Silvano Paoli, presidente della cooperativa di produzione e lavoro da quasi trent’anni, ha passato il testimone a Paolo Burlini che ha raccolto fiducia unanime dall’assemblea dei soci ospitata nella sede di Borgo Valsugana.

Il neopresidente affronta il nuovo incarico nella consapevolezza che “la quotidianità che si sta vivendo in generale non è facile. Nonostante questo – spiega - sono molto fiducioso perché abbiamo al nostro interno i mezzi, le forze e le capacità per portare avanti al meglio i nostri progetti e consolidare gli ottimi risultati ottenuti fino a oggi”.

Burlini aveva fatto il proprio ingresso alla Cooperativa Lagorai a inizio millennio, nel 2001, in qualità di socio lavoratore. Qualche anno dopo era stato eletto nel consiglio di amministrazione.

L’assemblea dei soci, oltre ad augurare buon lavoro al neo presidente Burlini, ha ringraziato Silvano Paoli per l’impegno e le energie dedicate alla cooperativa nei suoi quasi trent’anni di attività.
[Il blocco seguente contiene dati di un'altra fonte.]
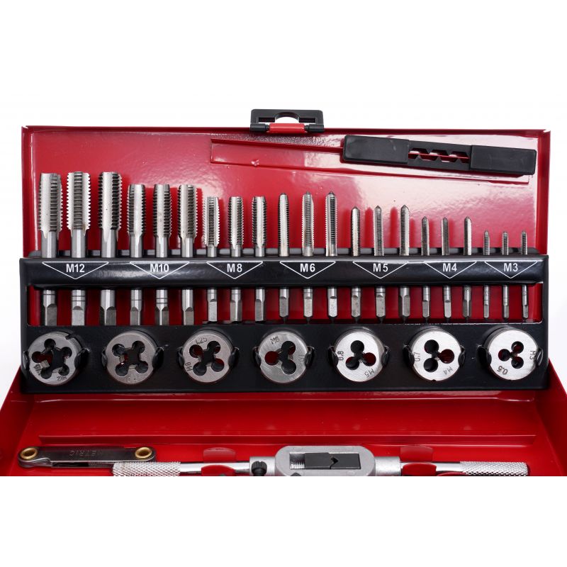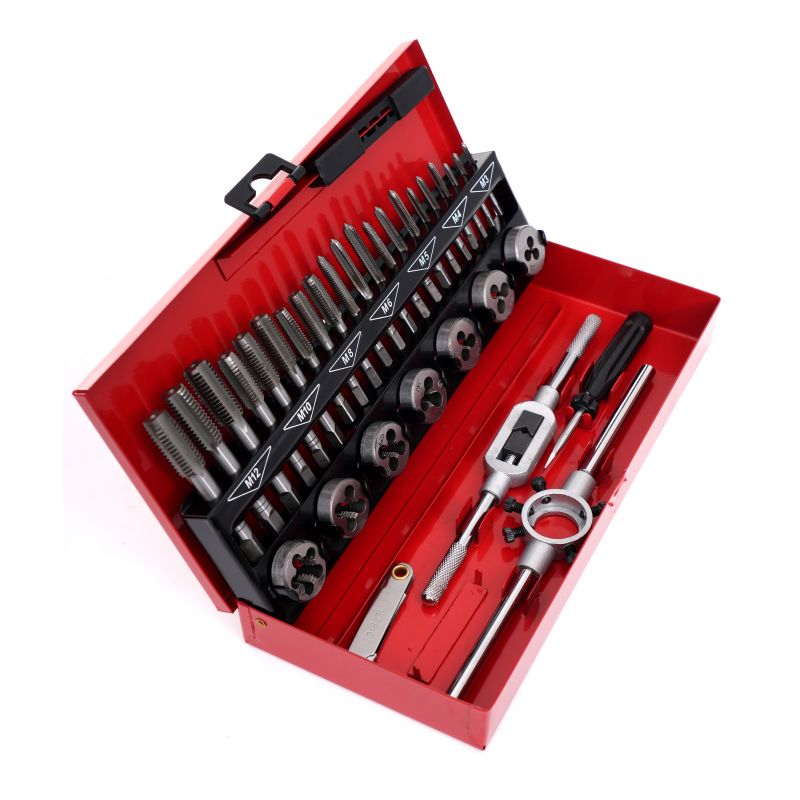 Set navojnih ključeva i matica, 32 kom | KD10090 sadrži jednostavne alate koji su neophodni u svakoj radionici, kućnoj garaži ili radnom mjestu. Set se koristi za popravak navojnih spojeva svih vrsta u većini materijala. Izrađeni su od najkvalitetnijeg kaljenog čelika. Navojni ključevi se koriste za rezanje unutarnjih navoja.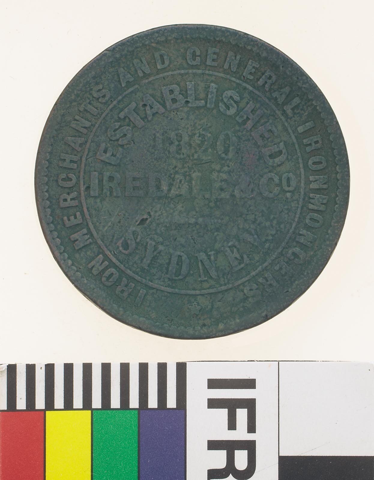 At centre within line circle, ESTABLISHED / 1820 / IREDALE & CO. / SYDNEY around, * IRON MERCHANTS AND GENERAL IRONMONGERS

Cooperativa Lagorai è attiva in tre settori: “scavi e movimenti terra ed edilizia in genere con un fatturato di 12 milioni di euro – spiega il vicepresidente Arnaldo Dandrea - pulizie civili e industriali per un valore di 5 milioni e mezzo di euro e la parte rimanente nel settore del verde. Quello che abbiamo archiviato e approvato dall’assemblea dei soci – prosegue Dandrea – è stato il bilancio di un anno eccezionale, caratterizzato da un valore della produzione superiore a 19 milioni di euro a dimostrazione che, la cooperativa, ha lavorato molto bene”.

Nel saluto conclusivo Silvano Paoli ha ringraziato “le molte persone che hanno condiviso assieme a me un percorso ricco di soddisfazioni e contraddistinto anche da qualche preoccupazione come succede per chi è alla guida di una realtà – ha osservato -  Posso dire che è stata una esperienza molto coinvolgente e altrettanto impegnativa”.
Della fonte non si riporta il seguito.